Capítulo catorce

El protectorado de Catskills estaba atrapado en ese momento que separa al verano del otoño, cuando el bosque se encuentra al borde de convertirse en una feroz cacofonía de naranjas, rojos y amarillos, pero el sol sigue siendo cálido. Algunos árboles, proclives al cambio, ya se cubrían con abrigos granates, una pincelada de color que resaltaba en medio del verde exuberante del bosque.

Ojo de Tormenta podía oler que aquellos bosques rebosaban de vida salvaje. Las huellas de liebre, ardilla y mapache despertaban el apetito en su estómago, y una vaharada a esencia de ciervo sólo consiguió empeorarlo. Sabía que las presas de menor tamaño estarían fuera en gran número, aprovisionándose de víveres para los inminentes meses de invierno. Unos pocos giros de Luna y aquellas colinas se verían engalanadas de un blanco helado.

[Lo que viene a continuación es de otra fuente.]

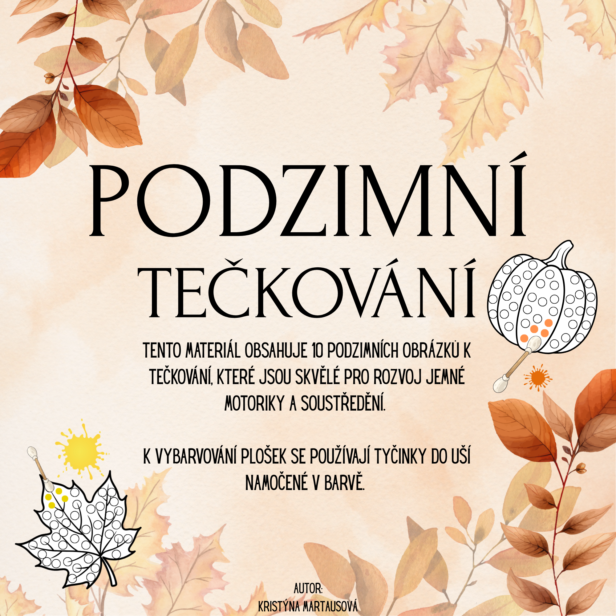 Technika tečkování je velmi jednoduchá, ale efektivní: děti používají tyčinky do uší namočené v temperových barvách k pečlivému vyplnění vyznačených plošek tečkami. Tato aktivita je ideální pro předškoláky a děti na prvním stupni ZŠ, pomáhá s nácvikem správného úchopu, koordinace ruka-oko a posiluje svaly ruky před psaním. Hotové obrázky se navíc stanou krásnou podzimní dekorací!

No obstante, aquella espesura no era prístina. Se apreciaba el tufo en el viento de los groseros motores de automóvil; Ojo de Tormenta sabía que una carretera importante bordeaba los aledaños orientales de las colinas. Los humanos acudían allí para recrearse, tal y como atestiguaban las dispersas latas metálicas aplastadas y las ajadas bolsas de plástico. Esperaba que algún humano con sobrepeso se dejase caer por allí y los viera. Qué espléndido sería ver el terror en el rostro de la oveja con dos patas que se encontrara de bruces con cinco lobos enormes.

Habían estado de marcha casi todo el día, tras haber dejado a Little Al y al May Belle amarrados en un pequeño puerto fluvial. Desde allí, una rápida carrera lejos de las instalaciones humanas, hacia el bosque. Desde ese momento, habían avanzado en forma de lobo, atravesando bosques y pequeñas granjas, manteniéndose ocultos.

Ojo de Tormenta recordaba a Hijo del Viento del Norte de la primavera anterior en aquel clan del norte. Él abría el camino y Ojo de Tormenta le pisaba los talones. Los demás los seguían a cierta distancia, menos acostumbrado a permanecer tanto tiempo en forma de lobo.

¿Cuándo te fuiste del Cruce del Caribú?

—Al acabar la primavera, por ahí. —Incluso en aquella forma, el joven Garou se sentía incómodo con el idioma de los lobos y se decantaba por la lengua Garou—. Evan vino a buscarme y nos marchamos al sur.

¿Con Gota de Lágrima?

—No de inmediato. Creo que seguía en la Forja del Klaive por aquel entonces. No, pasamos un tiempo con el santón de Albrecht, y también estuvimos una temporada en el sudoeste. Pasar del Ártico a Arizona fue un cambio de tres pares de narices.

Viajas mucho.

Ojo de Tormenta pensó en sus recientes vagabundeos. Aquellos bosques también estaban lejos de su hogar, pero al menos olían a Gaia. No como las dos ciudades infectas que había visitado en los dos últimos días.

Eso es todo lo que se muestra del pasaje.